REPUBLIKA.CO.ID, BANDUNG—Momen lebaran menjadi ladang rejeki yang melimpah bagi warga Kampung Blok Ketupat di Kecamatan Babakan Ciparay, Kota Bandung. Begitu tiba, tim Republika.co.id langsung disajikan dengan pemandangan tangan-tangan lihai para pengrajin ketupat yang tengah menyulam juntaian-juntaian daun kelapa.
Kampung Blok Ketupat ini memiliki keistimewaan dibanding produsen-produsen ketupat lain. Kebanyakan perajin telah menggeluti bisnis cangkang ketupat selama puluhan tahun bahkan hampir satu abad. Salah satunya Nanang Suryadi (34 tahun) yang mewarisi bisnis ketupat sejak 90 tahun lalu dari mendiang leluhurnya.
“Kalau saya dagang itu turun temurun, ya, sejak ibunya saya atau zamannya nenek saya lalu ke ibu saya kemudian sekarang saya. Mungkin ada 80 atau 90 tahun. Dari zaman nenek moyang, tepatnya kurang tahu, mungkin bisa sampai satu abad,” ujar Nanang saat ditemui di Kampung Blok Ketupat, Ahad (1/5/2022).
Dengan pengalaman yang tak dapat disebut sebentar, kepiawaian tangan-tangan pengrajin ketupat ini tentu tidak perlu diragukan. Nanang mengatakan, dalam kurang dari setengah jam, setiap perajin dapat membuat 200-300 cangkang ketupat.
“Sebenarnya teknik yang diwariskan itu tidak ada ya, soalnya ini mah namanya keterampilan tangan, kecepatan tangan, kalau teknik itu bagaimana kita lihai memainkan tangan dan jari-jari kita saja buat menyulam daun-daunnya dan sudah ada cetakannya,” tuturnya.
Nanang mengatakan momen menjelang Hari Raya merupakan ladang rejeki baginya dan juga ratusan pengrajin ketupat lainnya di Kampung Blok Ketupat. Dia mengatakan, sejauh ini dia telah menerima pesanan 20 ribu-30 ribu cangkang ketupat.
“Yang pesan ke saya itu kebanyakannya masih wilayah Kota Bandung, seperti Kopo Sulaiman, Cimahi, Gedebage, Batununggal, Cipageran, Jalan Turangga,” ujarnya.

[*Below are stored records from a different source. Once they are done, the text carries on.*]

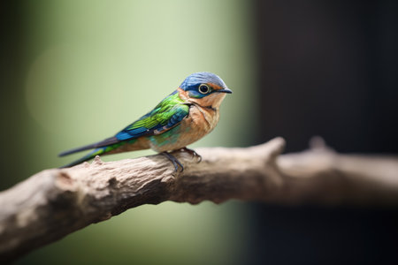 emerald swift with bright blue dewlap on a branch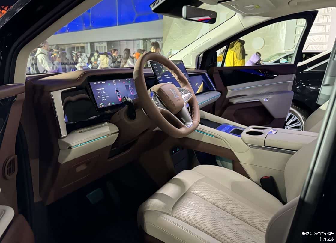 内部设计已经得到了全面的曝光,采用了15.6英寸的超大中控屏幕,高配车型还拥有12.3英寸的副驾驶娱乐屏幕,但仅限于高配车型。此外,还拥有12.3英寸的全液晶行车电脑,而且高配车型还搭载了后排液晶屏幕,尺寸达到了15.6英寸。整个内饰的科技感以及豪华感还是很突出的,并且实际体验过程中还发现配置很高。不仅标配了电动天窗,甚至L2级别的智能辅助驾驶系统,540度全景影像系统同样做到了标配。此外,还匹配了豪华车内氛围灯以及车载冰箱,车载香薰等一系列的配置。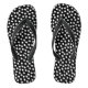 Ces tongs chic ont des pois blancs sur un arrière - plan noir.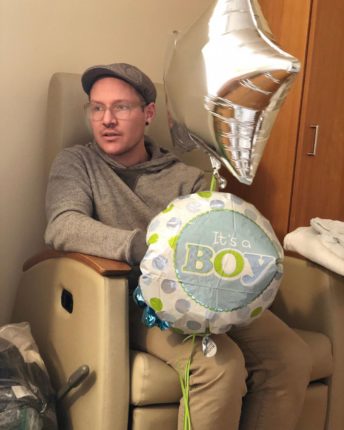 Biff at the hospital with a surprise for Trystan after his top surgery. Photo credit: Trystan Reese.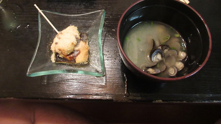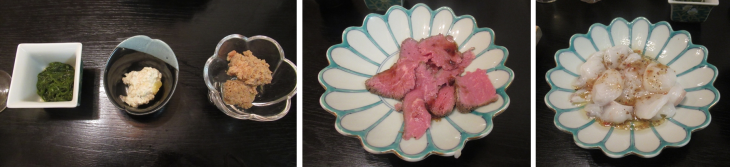 白ワインと一緒に頂いた前菜3品(モズク、白和え、たらこの煮つけ)は非常に美味しかった~。多分サービスと思われるローストビーフとタコのお刺身が前菜の次にでてきました。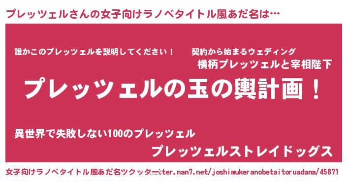 | 男性向けラノベタイトル風あだ名 | 『プレッツェル~年齢イコール彼女いない歴の魔法使い~』 |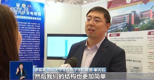 参展商 中山大学柔性电子学院教授 秦天石:跟传统的光伏比起来,我们的工艺更加简单,我们的结构也更加简单,我们的成本是非常可控的,目前在实验室我们可以实现150元每平方米的成本,当然随着我们规模不断扩大,相信这个成本可以再进一步降低。

Meski cukup kerepotan dengan pesanan yang menumpuk, namun Nanang mengatakan bahwa pesanan tahun ini jauh lebih sedikit dibanding tahun-tahun sebelumnya. Salah satunya adalah karena telah dibolehkannya perjalanan mudik.
“Kalau sekarang lebih menurun, karena mungkin tahun ini sudah diperbolehkan untuk mudik jadi mereka terkadang menunda ngupat soalnya mau pulang kampung. Jadi omzet sekarang lebih kurang dibandingkan tahun kemarin,” tuturnya.
Untuk satu ikat, isi 10 biji ketupat, Nanang biasa membanderol dengan harga Rp 8.000. Harga ini, kata dia, hanya diperuntukkan untuk pelanggan setia, sedangkan pembeli baru biasanya dipatok harga Rp 15 ribu per ikat.
“Kalau misalnya pelanggan baru itu belinya biasanya dadakan, misalnya H-3 atau H-2 Lebaran. Kalau pelanggan tetap itu, satu minggu sebelum pembikinan itu mereka sudah pesan. Misalnya tanya, ‘jual ketupat nggak? Jual, sudah ada berapa? 2.000, ya sudah segitu dulu’,” kata dia.
Saat diminta membandingkan antara pesanan di Hari Raya Idul Fitri dengan Idul Adha, Nanang mengatakan bahwa pesanan di Idul Fitri lebih besar dibanding Idul Adha, bahkan hingga dua kali lipat. “Kalau Idul Fitri itu bisa mencapai lebih dari 100 persen sedangkan Idul Adha biasanya 50 persen. Jadi perbandingannya, peminat ketupat untuk Idul Adha itu berbeda dengan Idul Fitri,” jelasnya.